GitHub does throttle you if you ask too often. When a 429 comes back, RateLimitService.ts records the hit and computes a backoff:

const exponentialBackoffMs = Math.min(
  FETCH_INTERVAL_MS * Math.pow(2, this.state.consecutiveHits - 1),
  RATE_LIMIT_MAX_BACKOFF_MS // 30 minutes
);
const backoffMs = Math.max(retryAfterMs, exponentialBackoffMs);
this.state.retryAfterTimestamp = Date.now() + backoffMs;
this.persist();

Two things to notice. The backoff is capped at 30 minutes, so a persistent throttle never turns into a one hour silence. And the state is persisted to chrome.storage.local: when the worker wakes on the next alarm, initialize() reads the stored state back into memory, and shouldSkipFetch() can honour an earlier 429 even though every in memory variable was thrown away in between.

HealthStatusService: in-memory mirror, persisted flags

HealthStatusService.ts holds the parser-breakage and GitHub-outage flags in memory (parserBroken, githubOutage) and uses them to dedupe repeated signals. Without rehydration on every wake, a real fault after a wake would skip the storage write because the mirror still said “already signalled”. initialize() reads both flags back from chrome.storage.local so the dedupe contract holds across cold starts. The full flag lifecycle, including how lastSeenAt is refreshed on repeat hits and why clearGitHubOutage also drops STORAGE_KEY_LAST_UNTRUSTED_FETCH_AT, lives on GitHub Health and Outages.
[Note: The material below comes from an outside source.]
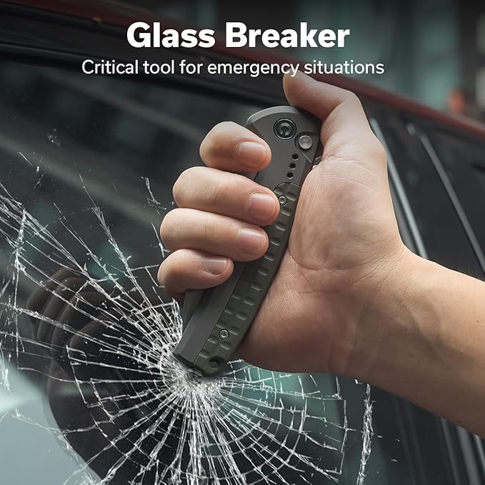 - Emergency Glass Breaker: This pocket knife features an emergency glass breaker, providing a dependable tool for emergency situations

AlarmSeqClock: alarm-anchored counter

AlarmSeqClock.ts is a monotonic counter persisted under STORAGE_KEY_ALARM_SEQ, advanced exactly once per completed alarm wave by EventService.handleAlarm (after every list has finished writing). Manual refreshes deliberately do not advance the clock, otherwise a user mashing the refresh button would expire PrTombstoneStore entries early and miss flapping that the four-alarm window was set up to catch. The counter is read by applyTombstoneFilter to decide what is “still inside the window” on the next wave; see List Trust and Suspect Lists for how the window math works in practice.

Edge cases and gotchas

When you click the Pullwatch icon, Chrome sends a lifecycle signal to the worker (via the implicit runtime message channel from the popup). If the worker was torn down, Chrome wakes it, main.ts runs, and the message listener awaits initPromise before responding. Meanwhile the popup is already rendering from chrome.storage.local, which has never stopped existing. The popup does not wait for the worker; it only waits for the worker when the user clicks Refresh. See Data Hydration and Storage for the full cold open path.
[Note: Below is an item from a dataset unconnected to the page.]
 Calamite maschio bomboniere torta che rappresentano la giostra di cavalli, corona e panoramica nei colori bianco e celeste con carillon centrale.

In memory caches must be re seeded from storage on every wake

AlarmService, PRService, and RateLimitService all have in memory fields. None of them are the source of truth. Every one of them rehydrates from chrome.storage.local inside its initialize() method, because the wake after next will find those fields at their default (false, empty map, zero counters) until the rehydration step runs. If you add a new service that has to hold state across wakes, persist and rehydrate in initialize().

Offline / paused behavior

If the network is unreachable, GitHubService’s fetch throws and PRService records it as a non successful outcome. Nothing is written to storage, the UI keeps showing the last known lists (with the last known timestamps), and the alarm keeps ticking. When connectivity returns, the next alarm tick fetches normally. There is no explicit “paused” state machine; offline is just a sequence of failed fetches that do not poison storage.

Async handlers must keep the promise alive

All the chrome.* listeners in main.ts are async and they await the event handler. This is deliberate: in MV3, Chrome keeps the worker alive as long as the handler’s returned promise is pending. If you wrote the alarm handler as initPromise.then(...); return; without awaiting, the synchronous callback would complete immediately and Chrome could tear the worker down mid fetch. The pattern of async handler → await initPromise → await work is the only reliable way to keep the lights on until the job finishes.